» WHAT YOU SHOULD DO
From the entries below, print exactly the span beginning with the line holding "Piena ed intera" and ending with the line holding "[와이뉴스] 해양수산부는 2026년", endpoints included, and skip any pictures.
┌─ DATA FOR REVIEW
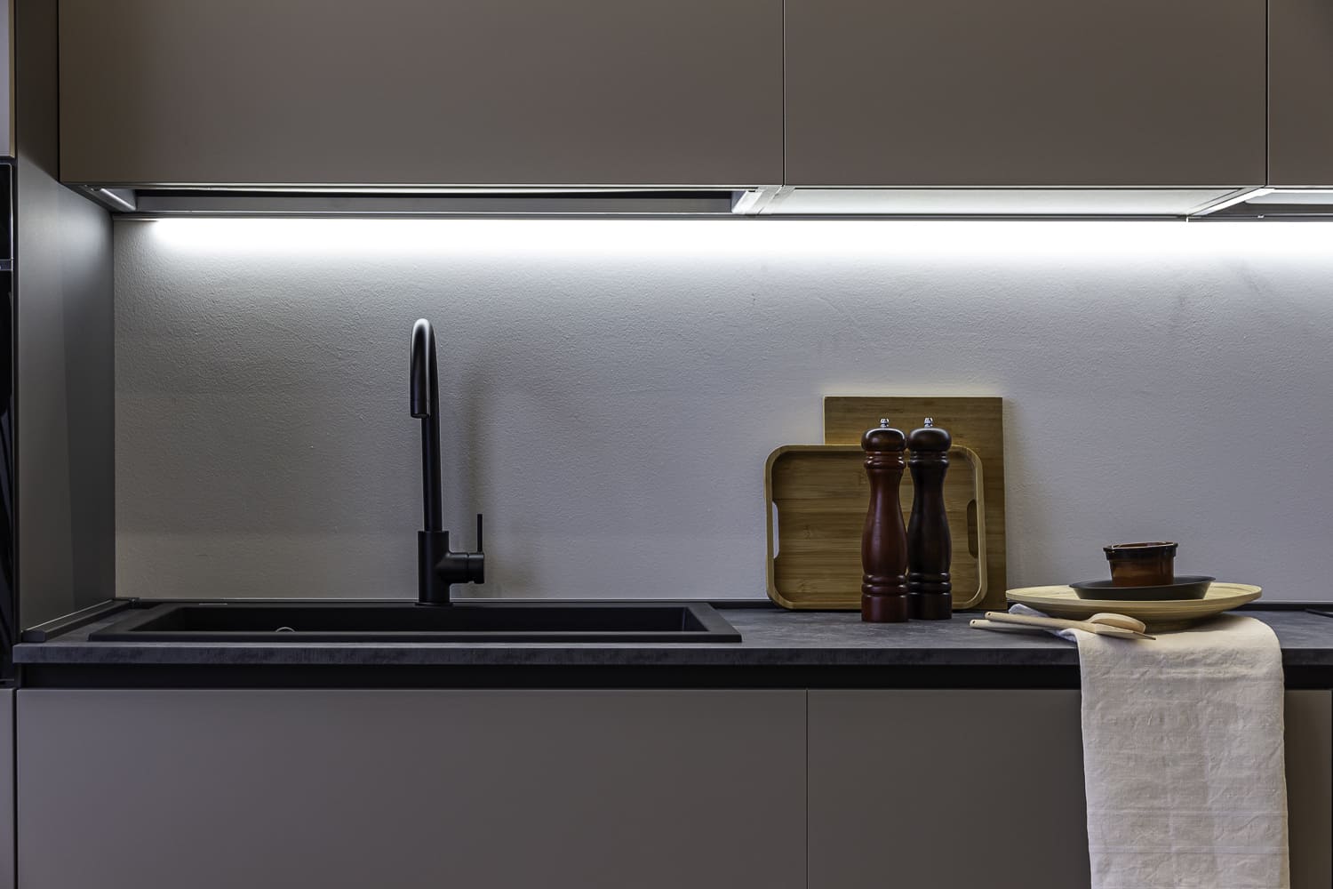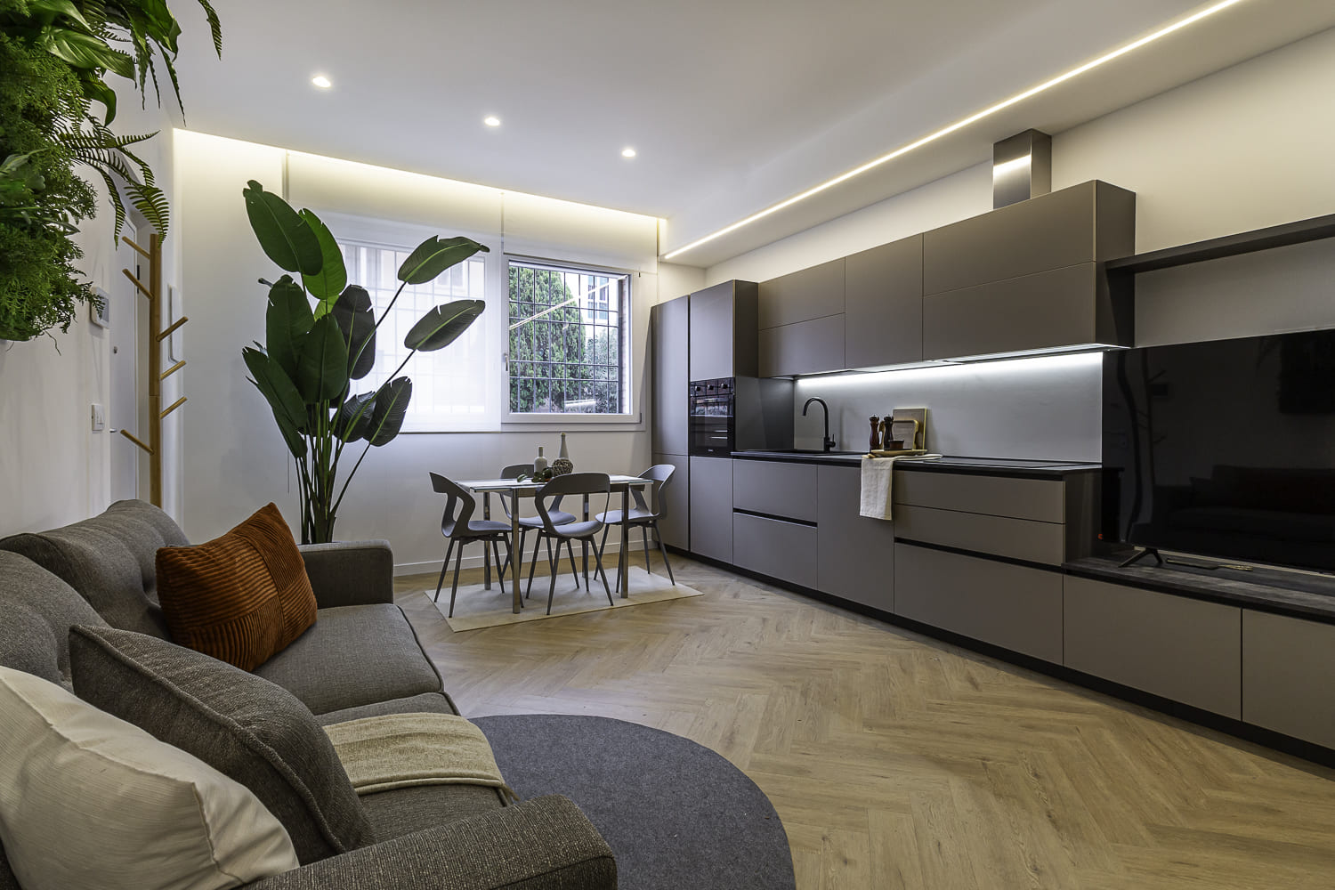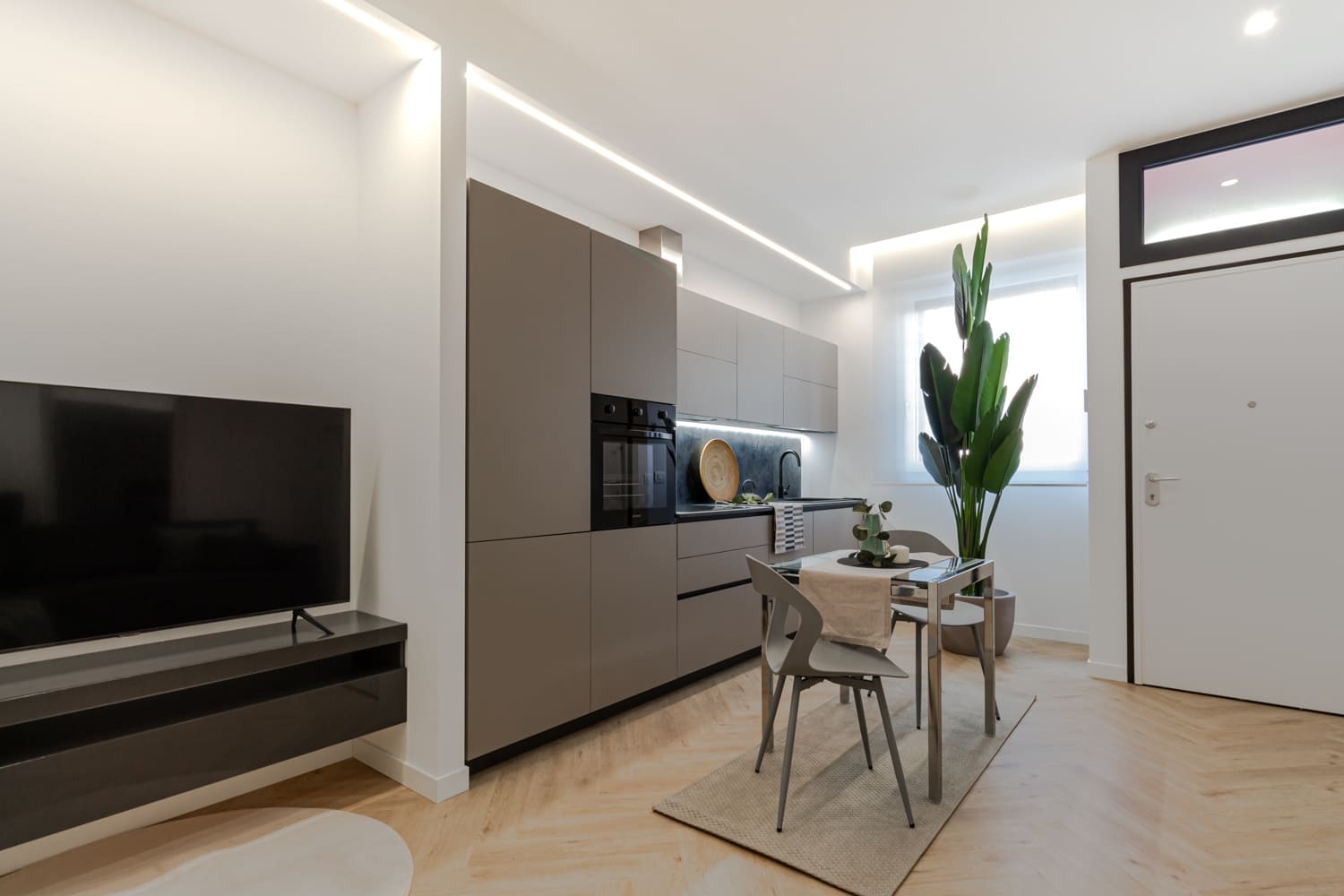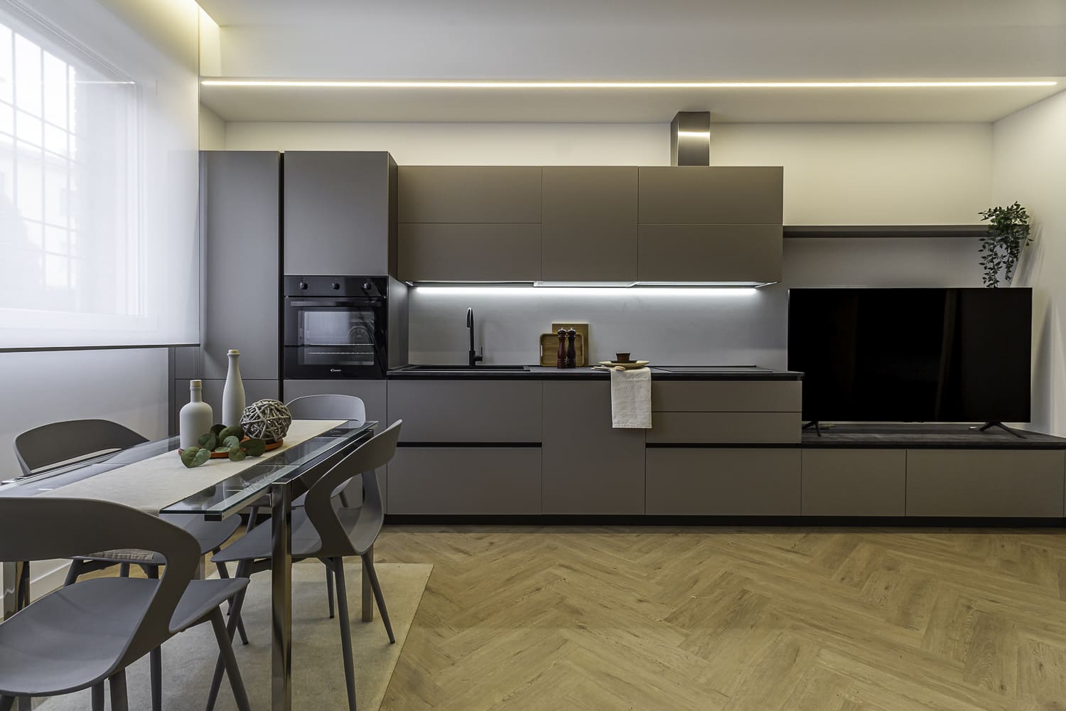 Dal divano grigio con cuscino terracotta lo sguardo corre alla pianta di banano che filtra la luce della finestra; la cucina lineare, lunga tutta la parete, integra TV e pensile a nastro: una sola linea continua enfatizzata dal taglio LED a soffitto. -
└─
┌─ DATA FOR REVIEW
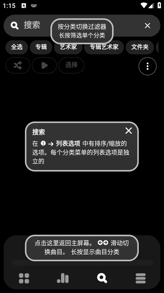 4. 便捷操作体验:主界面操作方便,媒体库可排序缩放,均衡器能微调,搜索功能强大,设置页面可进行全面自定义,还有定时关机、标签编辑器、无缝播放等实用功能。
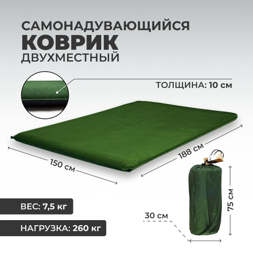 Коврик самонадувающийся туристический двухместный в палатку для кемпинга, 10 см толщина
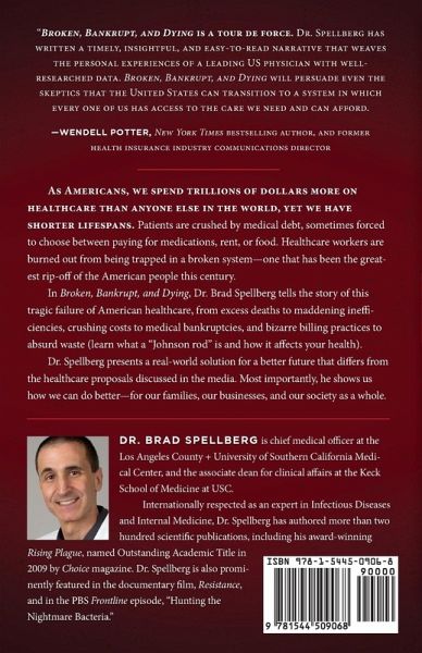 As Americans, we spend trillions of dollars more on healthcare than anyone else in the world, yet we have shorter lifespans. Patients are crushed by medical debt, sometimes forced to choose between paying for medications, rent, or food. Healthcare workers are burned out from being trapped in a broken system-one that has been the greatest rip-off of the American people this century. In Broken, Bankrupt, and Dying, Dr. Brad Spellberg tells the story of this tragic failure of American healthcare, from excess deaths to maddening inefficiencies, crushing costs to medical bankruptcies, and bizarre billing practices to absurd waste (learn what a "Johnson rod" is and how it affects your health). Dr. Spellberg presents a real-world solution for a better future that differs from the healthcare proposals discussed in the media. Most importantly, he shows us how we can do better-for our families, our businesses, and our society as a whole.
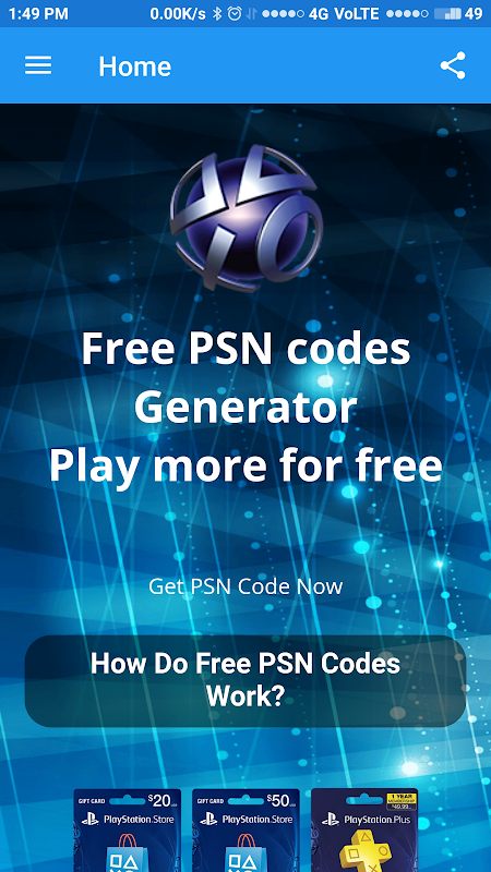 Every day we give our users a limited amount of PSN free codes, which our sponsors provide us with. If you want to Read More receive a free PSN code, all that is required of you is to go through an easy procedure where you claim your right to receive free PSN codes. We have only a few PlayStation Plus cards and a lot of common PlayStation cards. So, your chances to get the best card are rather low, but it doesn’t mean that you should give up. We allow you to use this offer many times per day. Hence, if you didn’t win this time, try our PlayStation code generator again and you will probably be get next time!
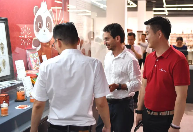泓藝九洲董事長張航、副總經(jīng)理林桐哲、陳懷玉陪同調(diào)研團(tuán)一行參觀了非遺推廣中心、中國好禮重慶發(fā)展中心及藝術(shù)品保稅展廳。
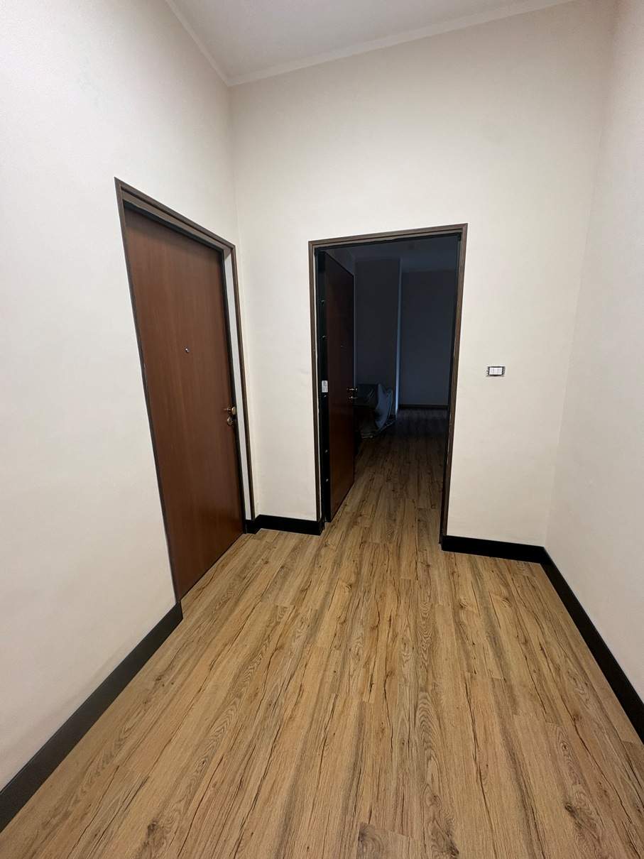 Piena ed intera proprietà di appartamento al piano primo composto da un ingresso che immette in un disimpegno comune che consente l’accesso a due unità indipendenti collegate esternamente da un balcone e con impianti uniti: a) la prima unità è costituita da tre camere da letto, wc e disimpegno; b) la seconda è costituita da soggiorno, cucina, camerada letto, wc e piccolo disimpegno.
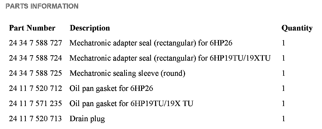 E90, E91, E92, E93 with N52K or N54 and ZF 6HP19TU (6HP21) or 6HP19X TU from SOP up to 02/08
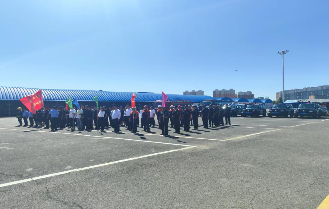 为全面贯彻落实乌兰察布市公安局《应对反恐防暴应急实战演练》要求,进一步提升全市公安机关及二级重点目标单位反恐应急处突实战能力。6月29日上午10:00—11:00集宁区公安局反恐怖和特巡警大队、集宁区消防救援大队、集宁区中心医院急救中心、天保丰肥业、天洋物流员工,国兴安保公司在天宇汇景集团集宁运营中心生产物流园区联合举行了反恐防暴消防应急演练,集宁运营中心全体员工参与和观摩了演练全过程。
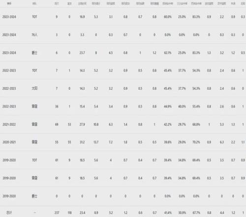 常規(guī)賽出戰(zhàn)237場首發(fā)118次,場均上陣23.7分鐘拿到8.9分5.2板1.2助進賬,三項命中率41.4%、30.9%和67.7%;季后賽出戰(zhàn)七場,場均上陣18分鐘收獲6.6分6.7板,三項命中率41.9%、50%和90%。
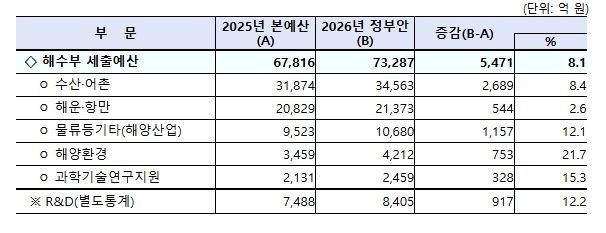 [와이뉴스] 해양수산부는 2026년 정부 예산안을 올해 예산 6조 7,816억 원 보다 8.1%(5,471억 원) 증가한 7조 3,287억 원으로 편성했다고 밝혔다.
└─
┌─ DATA FOR REVIEW
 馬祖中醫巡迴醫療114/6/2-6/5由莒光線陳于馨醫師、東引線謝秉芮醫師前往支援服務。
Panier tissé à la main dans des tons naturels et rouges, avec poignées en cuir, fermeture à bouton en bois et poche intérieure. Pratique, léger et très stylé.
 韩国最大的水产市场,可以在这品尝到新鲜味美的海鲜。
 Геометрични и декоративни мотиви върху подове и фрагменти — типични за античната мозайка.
└─
» RESPONSE AREA
 Piena ed intera proprietà di appartamento al piano primo composto da un ingresso che immette in un disimpegno comune che consente l’accesso a due unità indipendenti collegate esternamente da un balcone e con impianti uniti: a) la prima unità è costituita da tre camere da letto, wc e disimpegno; b) la seconda è costituita da soggiorno, cucina, camerada letto, wc e piccolo disimpegno.
 E90, E91, E92, E93 with N52K or N54 and ZF 6HP19TU (6HP21) or 6HP19X TU from SOP up to 02/08
 为全面贯彻落实乌兰察布市公安局《应对反恐防暴应急实战演练》要求,进一步提升全市公安机关及二级重点目标单位反恐应急处突实战能力。6月29日上午10:00—11:00集宁区公安局反恐怖和特巡警大队、集宁区消防救援大队、集宁区中心医院急救中心、天保丰肥业、天洋物流员工,国兴安保公司在天宇汇景集团集宁运营中心生产物流园区联合举行了反恐防暴消防应急演练,集宁运营中心全体员工参与和观摩了演练全过程。
 常規(guī)賽出戰(zhàn)237場首發(fā)118次,場均上陣23.7分鐘拿到8.9分5.2板1.2助進賬,三項命中率41.4%、30.9%和67.7%;季后賽出戰(zhàn)七場,場均上陣18分鐘收獲6.6分6.7板,三項命中率41.9%、50%和90%。
 [와이뉴스] 해양수산부는 2026년 정부 예산안을 올해 예산 6조 7,816억 원 보다 8.1%(5,471억 원) 증가한 7조 3,287억 원으로 편성했다고 밝혔다.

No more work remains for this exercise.